- Directed by: Richard Taylor
- Written by: Wendy Harris Richard Taylor Joe Hambrook
- Starring: Jack May Willie Rushton Miriam Margolyes Susan Sheridan Derek Griffiths Benjamin Whitrow
- Music by: Peter Shade
- Production company: Richard Taylor Cartoon Films
- Release date: 1986;
- Running time: 71 minutes
- Country: United Kingdom
- Language: English

= Muzzy in Gondoland =

1986 film

Muzzy in Gondoland (often shortened to simply Muzzy) is a British animated direct-to-video film, first created by the BBC in 1986, as a way of teaching English as a second language. The English version of the film features the voices of Willie Rushton, Miriam Margolyes, Susan Sheridan, Derek Griffiths, Jack May, and Benjamin Whitrow.

DMP Organization later acquired the rights to Muzzy and translated it into other languages (see below). It is unknown, however, who plays whom in the various dubbed versions of the film.

A sequel, Muzzy Comes Back, was released in 1989.

Digital Education developed a new version of the course, which was released in 2013. The 2013 version is CGI and is close to a shot-for-shot remake of the original film, but some changes have been made, e.g. The queen is very fat and is identified as such in the original version, these instances are removed and the Queen is slimmed down in the CGI version. She was also absent from the initial montage where the main cast describe themselves with a single word, except when she comments on the members.

==Plot==
Muzzy, a large, bear-like extraterrestrial creature with greenish-blue fur who eats clocks and other metal and mechanical objects, arrives from outer space to visit Gondoland, which is ruled over by an unnamed king (retroactively named Nigel) and queen (retroactively named Eliza). Their daughter is Princess Sylvia; Bob is their gardener; and Corvax is a scientist serving as the royal vizier. Bob and Sylvia are secretly in love and decide to get married. However, Corvax, who also loves Sylvia, sees what is happening, and informs the King and Queen. Angered, the King pursues and catches them. The King orders that Bob be sent to prison, while Sylvia is taken back to the Palace.

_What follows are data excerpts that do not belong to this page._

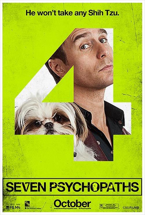 Das Plakat mit der Nummer 1, dem Bond-Girl Olga Kurylenko und einem pelzigen kleinen Vierbeiner präsentierten wir euch bereits gam Mittwoch, doch bei dem Filmtitel ist es nicht verwunderlich, dass noch weitere sechs Figurenposter folgen: Natürlich mit den "Seven Psychopaths". Dazu gehören neben Kurylenko auch Christopher Walken als Nicht-Gewalttätiger, Colin Farrell als anscheinend Normaler, Sam Rockwell als sein bester Freund sowie Abbie Cornish, Woody Harrelson und der Typ mit dem Kaninchen.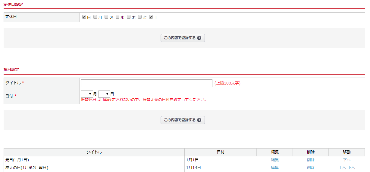 [運営>定休日管理 ]を開き、 定休日や祝日(非営業日)を登録をします。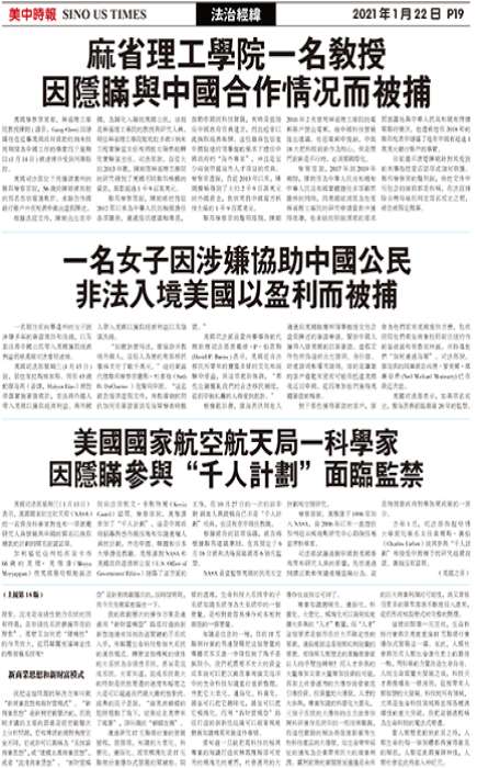 美国国家航空航天局一科学家因隐瞒参与“千人计划”面临监禁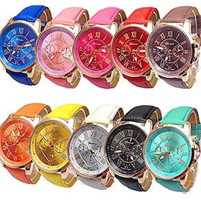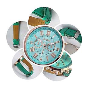 Descrição: Material da caixa: liga; Material da faixa: diâmetro da caixa do relógio de couro (cm): aproximadamente 3.9; Comprimento da banda (cm): 22.5 Movimento: quartzo; Display: analógico 3 pequenos sub-mostradores não podem funcionar, apenas para decoração, não funcional cor do relógio: Hortelã, preto, vermelho, rosa, marrom, laranja, amarelo, branco, azul, magenta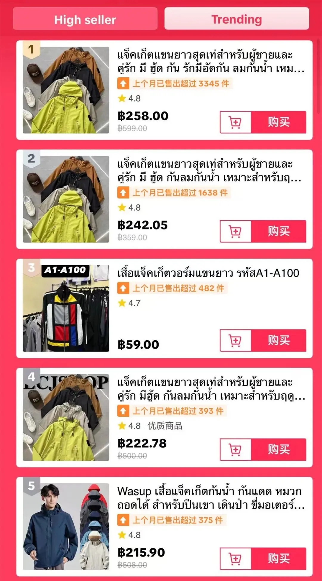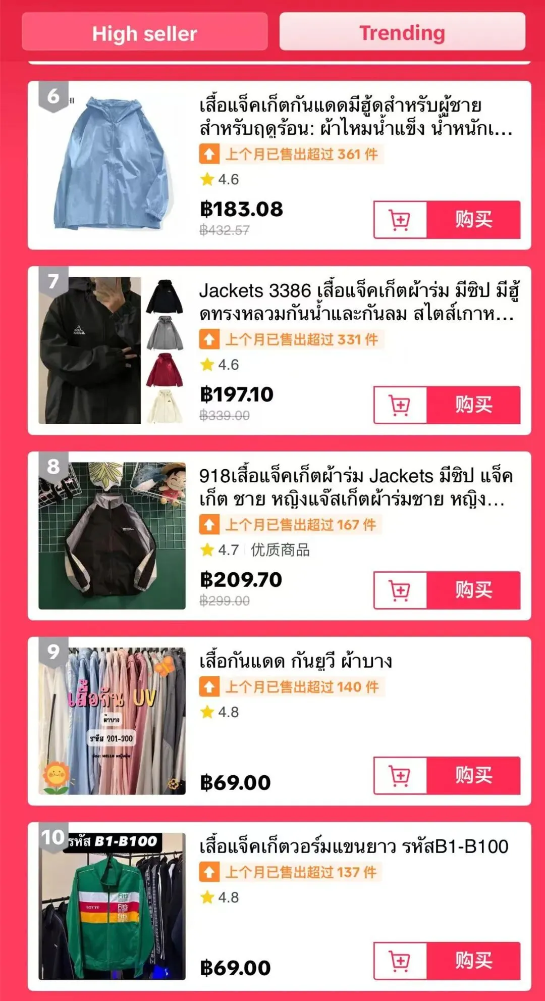 衬衫类目热度榜来看商家已然开始预热,头部的商品还是以价格亲民的爆款为主,商品定价在3美元左右(1美元≈36泰铢)。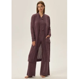 Dámský župan značky Henderson. Župan je dlouhý pod kolena, olemovaný širším lemem, který je také na spodní části županu a kolem rukávů. Župan má na bocích delší rozparky. Župan je volný, na bocích jsou našité kapsy. Dá se také nosit jako dlouhý kardigen.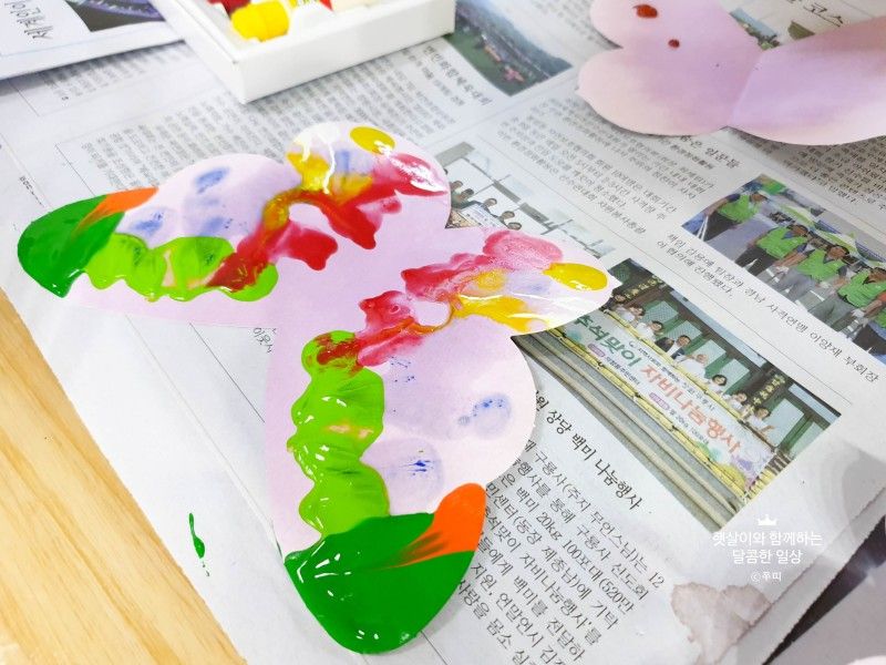 미술놀이 주제는 "데칼코마니로 봄의나라 표현하기"로 봄에 관련된 이미지로 데칼코마니를 만들어 보는거에요^^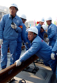 12月16日上午,京津城際鐵路跨天津市新開路立交橋橋頭鋪下最后一根鋼軌,順利實現(xiàn)全線貫通。京津城際鐵路2008年初進(jìn)入綜合調(diào)試階段,北京奧運會前將正式開通并投入運營,屆時北京、天津間火車全程直達(dá)運行僅需30分鐘。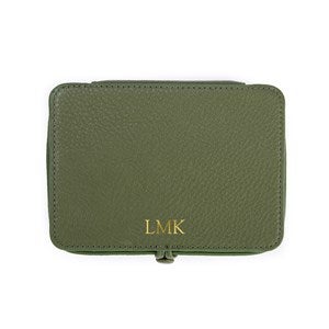 - Interior features slip pocket, three necklace snaps, earring tab with eight holes, three ring cushions and two open compartments
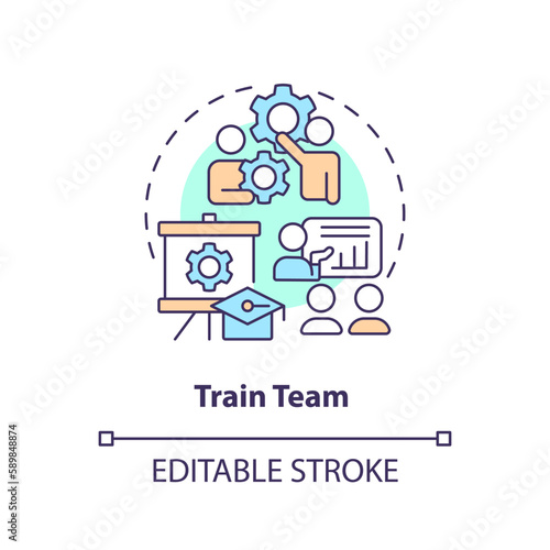 Train team concept icon. Time reduction. Increase productivity. Coaching employees abstract idea thin line illustration. Isolated outline drawing. Editable stroke. Arial, Myriad Pro-Bold fonts used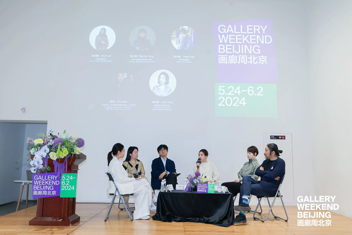 圓桌論壇環(huán)節(jié)中,馬刺畫廊合伙人來夢馨(Sherry Lai)、MACA美凱龍藝術(shù)中心總監(jiān)楊北辰、新勢力單元策展人袁佳維、北京當(dāng)代·藝術(shù)博覽會(huì)聯(lián)合創(chuàng)始人鮑棟及畫廊周北京項(xiàng)目總監(jiān)楊佳霖共同圍繞第八屆畫廊周北京的主題與變化、當(dāng)下北京生態(tài)藝術(shù)圈面臨的機(jī)遇與挑戰(zhàn)、中國藝術(shù)生態(tài)的未來等問題展開討論。(圖片由主辦方提供)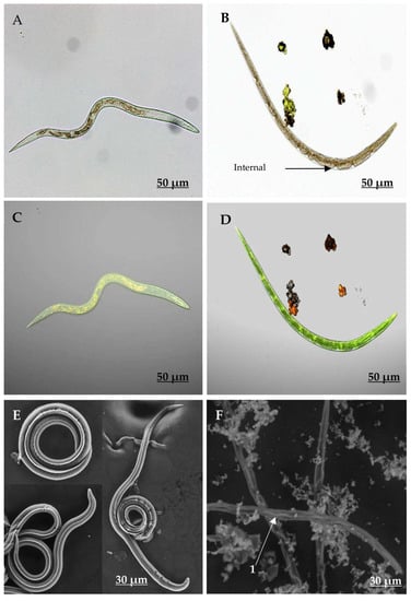 Differences observed using AxioCam CLSM and ESEM between non-exposed and isorhamnetin-exposed larvae (at 7.5 mg/mL) are shown in Figure 4. Non-exposed larvae displayed a sharpness and depth that resulted from the capacity of light to freely pass through their bodies. Furthermore, no apparent changes in their body conformation, intestinal cell organisation or in their external cuticle, were observed (Figure 4A,C,E). In contrast, the bodies of isorhamnetin-exposed larvae showed some changes in their internal organs, including the loss of architectural integrity of intestinal cells (Figure 4B). Likewise, some morpho-anatomic changes were observed in the isorhamnetin-exposed larvae ie., the presence of an irregular dark colour that diffused throughout the larval body length as well as some irregular pale spaces between the surface coat and the inner coat that resembled tissue folds (Figure 4B,D). The ESEM of the isorhamnetin non-exposed larvae showed a normal smooth cuticular surface without any apparent abnormal changes (Figure 4E). In contrast, the bodies of isorhamnetin-exposed larvae appeared deformed, with loss of internal organ integrity (Figure 4F). In addition, these larvae also showed changes in their external cuticle, which appeared rough and straight with wavy formations mainly in their lateral nervous cords along the body (4 F-1). Furthermore, the transversal size of exposed larvae was reduced in comparison with non-exposed larvae (Figure 4F).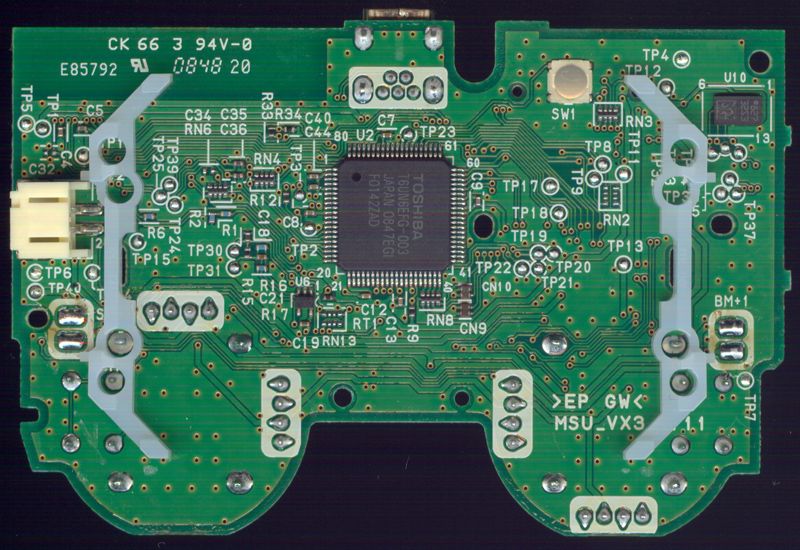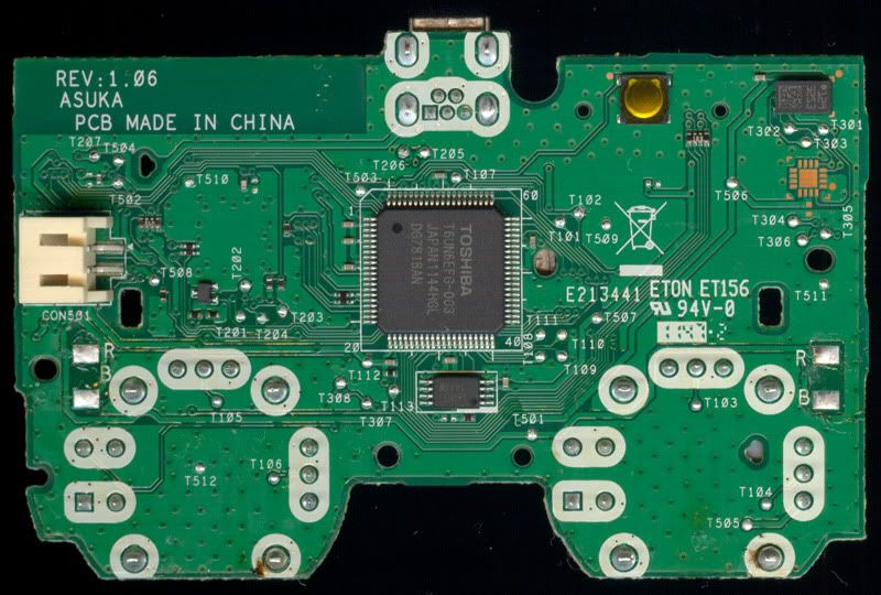 ASUKA REV: 1.06As with earlier versions, there are no useful TP spots for any of the buttons, and just about every useful Via on the bottom side of the board is gone from this controller as well, so you'll be going top side for extra buttons on this one.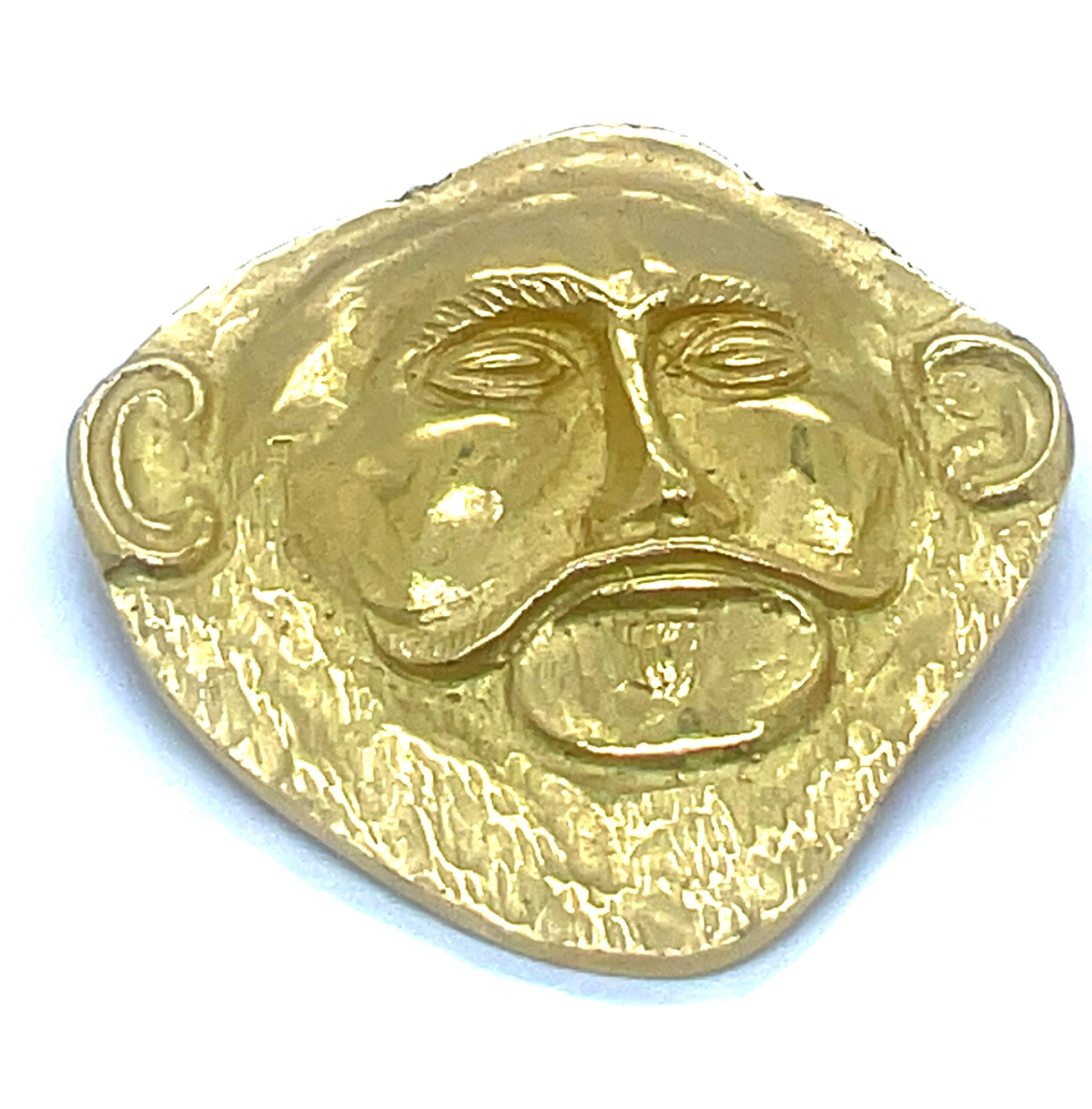 Elevate your style with this distinctive Greek Gold Death Mask, available as a convertible Pin or Pendant for those who appreciate wearable art.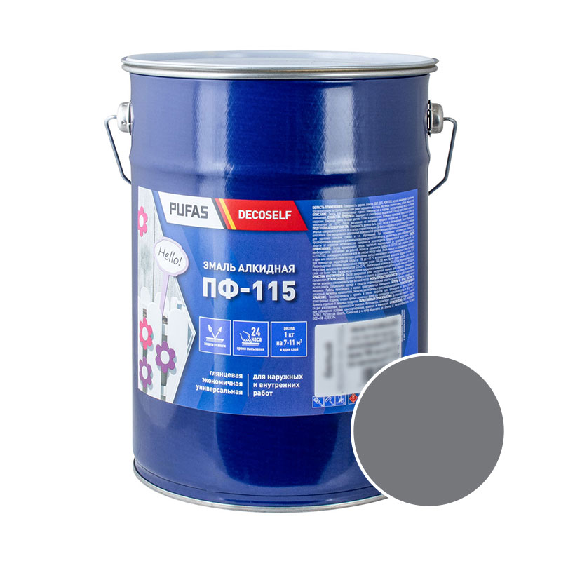 ЭМАЛЬ ПФ-115 алкидная 5 кг 3,7 л Decoself ПУФАС RAL 7042 цв. белый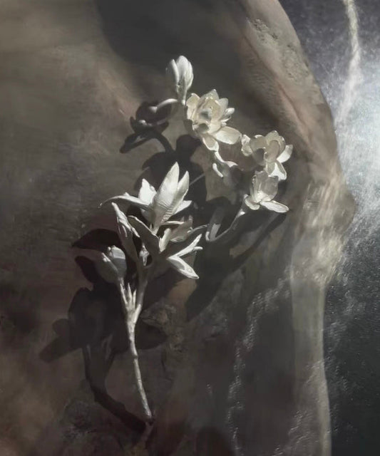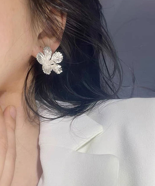 Boucles d'oreilles à tige vintage en argent sterling blanc avec fleur de jasmin blanche brûlée QQ070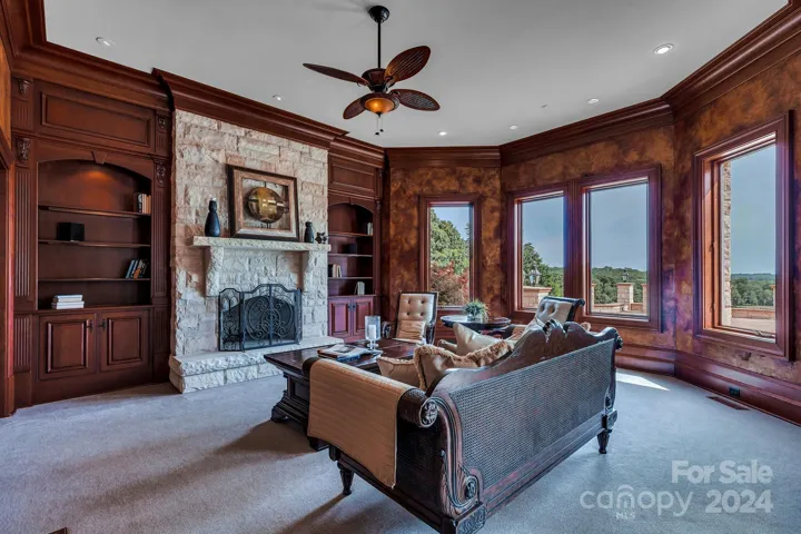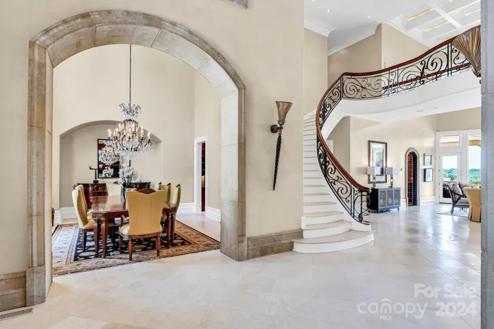Nestled amid rolling hills and exuding an aura of romance, Château Demain transports you to a realm of serenity and seclusion. Uncover the essence of opulent living in North Carolina within this grand estate, a haven of refinement. Greeted by the sun's gentle embrace in the atrium, your arrival is graced with unparalleled warmth. Framing the pool, the estate's outdoor expanse sets the stage for intimate gatherings and an embrace of nature's splendor. A secluded outdoor shower and pool house await your guests. Graciously boasting an array of lavish amenities, including lofty ceilings, an elevator, a captivating built-in aquarium, bespoke furniture, an enchanting entertainment chamber, and a cellar to house your most cherished wines. Sun-drenched interiors, courtesy of oversized windows, flood the living spaces with a natural radiance. The estate also includes a private airstrip and a hanger. It also consists of a historic log cabin.

Bob shares a cell with Muzzy, who tells him that he has been imprisoned for eating parking meters. Realising Muzzy's unusual diet, (Note: See also: Michel Lotito, a real-world case.) Bob encourages Muzzy to eat the bars of the prison cell window, and they escape. Back at the palace, Corvax tries flirting with Sylvia, but she angrily protests that she loves Bob. Crestfallen, Corvax uses his computer to clone Sylvia, but the duplicate hates him just as much as the original. Furious, Corvax strikes his computer, causing it to glitch and produce five more duplicates who roam around the palace before the computer explodes from the damage Corvax wrought on it in his anger.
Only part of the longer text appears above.